Activity 1 — Verify the import

In the Rails console:

 1
 2
 3
 4
 5
 6
 7
 8
 9
10
ServiceArea.count
# => 358 (or close to it; ABS occasionally revises)

ServiceArea.first
# => <ServiceArea id: 1, name: "...", code: "...",
#                 population: ..., boundary: <RGeo::...>, ...>

# Population spot-check
ServiceArea.order(population: :desc).limit(5).pluck(:name, :population)
# => [["Dandenong", 178000], ["Wyndham", 173000], ...]

The names and numbers will match real Australian regions because the data is real. The largest-population SA3s are typically outer-suburban areas of the major capitals — places that have grown rapidly in the last decade.

Inspecting a polygon

Each ServiceArea#boundary is now a real polygon. Let’s look at one in detail.

In psql:

1
2
3
4
5
6
7
8
SELECT
  name,
  ST_NPoints(boundary) AS vertex_count,
  ST_Area(boundary)    AS area_in_square_degrees,
  ST_Area(boundary::geography) / 1000000 AS area_in_sq_km
FROM service_areas
WHERE name = 'Sydney Inner City'
LIMIT 1;

You should see something like:

1
2
3
       name        | vertex_count | area_in_square_degrees |   area_in_sq_km   
-------------------+--------------+------------------------+-------------------
 Sydney Inner City |           37 |   0.002461573555478633 | 25.25763072281401

A few things to notice:

ST_NPoints counts the vertices in the polygon. Our dataset has reduced the vertex_count to make the data more manageable (the raw dataset was around 312Mb)

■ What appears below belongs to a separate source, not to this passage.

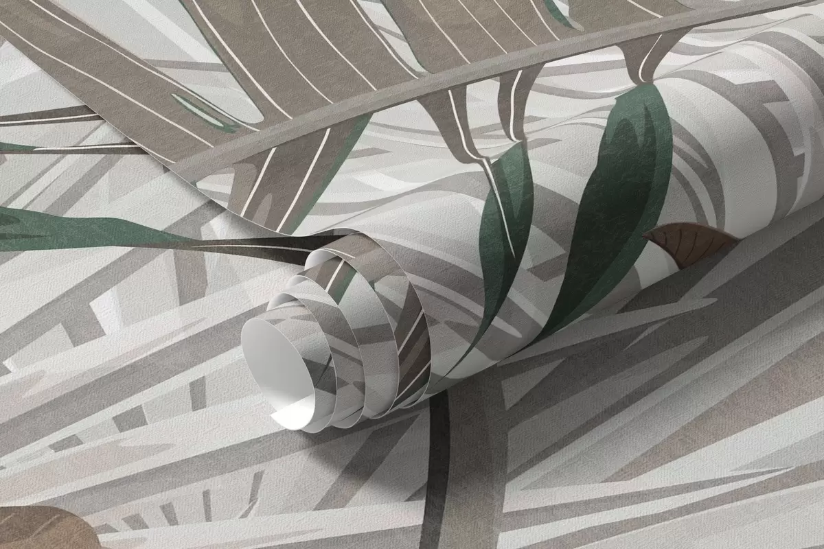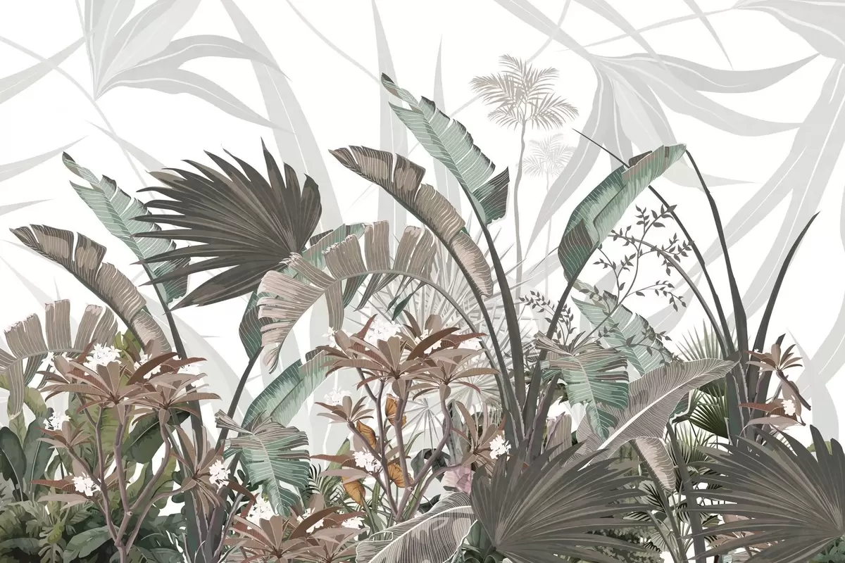 Fototapetai Tropiniai tekstūruoti lapai su gėlėmis, palmių medžiai, plumeria gėlės, pastelinės spalvos, baltas fonas, džiunglės Nr. w09488
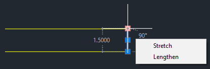 7. Select the short line segment as shown below and select the far-right grip.

ST_Area returns square degrees when called on a geometry column with SRID 4326, because the underlying math doesn’t know what unit the coordinates are in. Square degrees are not a useful unit; they vary in physical size depending on latitude. The number is just there.

ST_Area(boundary::geography) returns square metres — real area on Earth’s surface, computed using spheroidal math. Dividing by 1,000,000 converts to square kilometres. Sydney’s Inner City is around 25 km² — verifiable against any reference.

This is the analogue of the ST_DistanceSphere pattern from Lesson 1 for area: when you need real-world area in square metres, cast to geography. We won’t reach for this often either, but it’s good to know the cast pattern works for area the same way ST_DistanceSphere works for distance.

Activity 2 — Find the SA3 containing a point

The classic spatial query: which SA3 contains this point?

1
2
3
4
5
6
SELECT name, population
FROM service_areas
WHERE ST_Contains(
  boundary,
  ST_SetSRID(ST_MakePoint(153.0251, -27.4698), 4326)
);

You should get back the SA3 covering Sydney CBD — something like Brisbane Inner. The query is the spatial equivalent of “which row has this id” — except instead of matching an integer, it’s testing geometric containment.

ST_Contains(polygon, point) returns true if the point is inside the polygon. PostGIS computes this fast on indexed geometry columns — even faster after Module 7’s tuning. We’ll use this query shape extensively in Module 6 when we build click-to-drilldown UI on the map.

Try a few other locations:

  • Hobart CBD: (147.3257, -42.8826)Hobart - South and West or similar
  • Perth CBD: (115.8575, -31.9523)Perth City or similar

Each returns the SA3 covering that point. The same query works for any latitude/longitude pair anywhere in Australia. This is the kind of spatial query a dispatch app’s “what service area is this customer in?” feature would run.

Where this leaves us

Module 3 is complete. The database now has:

  • A Depot model with two rows (Sydney Central, Brisbane North)
  • A ServiceArea model with about 340 rows covering all of Australia, each with a real polygon boundary, an SA3 code, and 2021 census population
  • GiST indexes on both geometry columns
  • A repeatable rake task for re-running the import

You’ve also seen:

  • The t.multi_polygon migration syntax for multipolygon columns
  • How to use ST_Contains to find polygons containing a point
  • Why ST_Area on a geometry column returns square degrees and how to get real square metres

Module 4 takes the next step: connecting this data to the map. We’ll write a controller action that returns ServiceArea boundaries as GeoJSON, wire it up as a source on a Vera::Map, and watch Australia’s polygons appear on the screen for the first time.